**Prompt:**
Your task is to output the listing word for word, with pictures excluded.

══ Dataset content

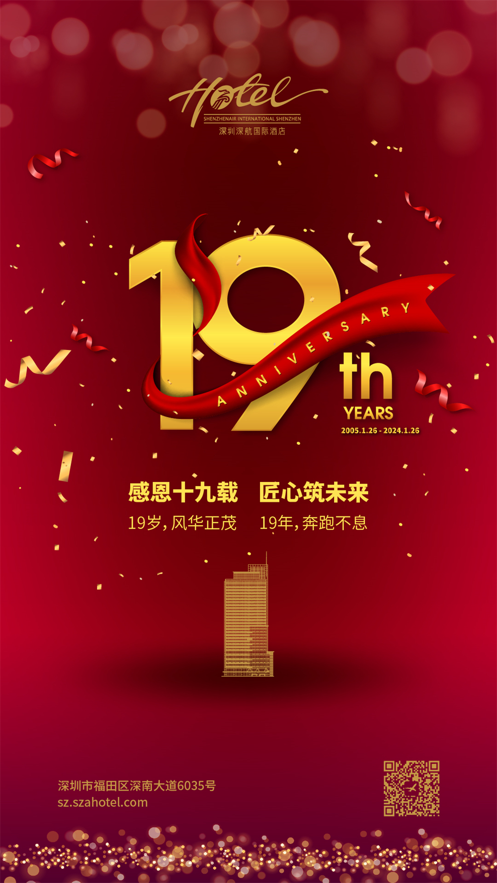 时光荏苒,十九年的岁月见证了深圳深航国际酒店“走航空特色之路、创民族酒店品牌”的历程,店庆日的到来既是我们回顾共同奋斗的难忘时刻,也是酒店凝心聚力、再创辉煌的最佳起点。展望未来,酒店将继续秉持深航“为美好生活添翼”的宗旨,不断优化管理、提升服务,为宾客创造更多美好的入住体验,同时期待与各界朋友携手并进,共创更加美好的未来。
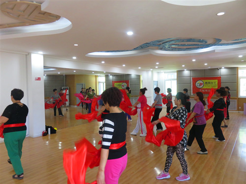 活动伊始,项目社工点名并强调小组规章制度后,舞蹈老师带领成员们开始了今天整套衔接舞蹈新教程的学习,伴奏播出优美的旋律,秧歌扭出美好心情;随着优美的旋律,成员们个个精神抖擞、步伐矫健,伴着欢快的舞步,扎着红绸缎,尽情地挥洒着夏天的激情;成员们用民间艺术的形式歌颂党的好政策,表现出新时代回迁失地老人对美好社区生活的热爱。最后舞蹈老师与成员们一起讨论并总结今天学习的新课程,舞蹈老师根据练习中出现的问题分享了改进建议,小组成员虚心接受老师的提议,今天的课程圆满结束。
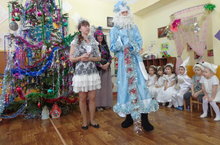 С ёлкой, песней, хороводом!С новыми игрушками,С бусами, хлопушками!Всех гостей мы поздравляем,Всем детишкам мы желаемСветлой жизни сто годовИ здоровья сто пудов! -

════

**Output of the exercise:**
 时光荏苒,十九年的岁月见证了深圳深航国际酒店“走航空特色之路、创民族酒店品牌”的历程,店庆日的到来既是我们回顾共同奋斗的难忘时刻,也是酒店凝心聚力、再创辉煌的最佳起点。展望未来,酒店将继续秉持深航“为美好生活添翼”的宗旨,不断优化管理、提升服务,为宾客创造更多美好的入住体验,同时期待与各界朋友携手并进,共创更加美好的未来。
 活动伊始,项目社工点名并强调小组规章制度后,舞蹈老师带领成员们开始了今天整套衔接舞蹈新教程的学习,伴奏播出优美的旋律,秧歌扭出美好心情;随着优美的旋律,成员们个个精神抖擞、步伐矫健,伴着欢快的舞步,扎着红绸缎,尽情地挥洒着夏天的激情;成员们用民间艺术的形式歌颂党的好政策,表现出新时代回迁失地老人对美好社区生活的热爱。最后舞蹈老师与成员们一起讨论并总结今天学习的新课程,舞蹈老师根据练习中出现的问题分享了改进建议,小组成员虚心接受老师的提议,今天的课程圆满结束。
 С ёлкой, песней, хороводом!С новыми игрушками,С бусами, хлопушками!Всех гостей мы поздравляем,Всем детишкам мы желаемСветлой жизни сто годовИ здоровья сто пудов! -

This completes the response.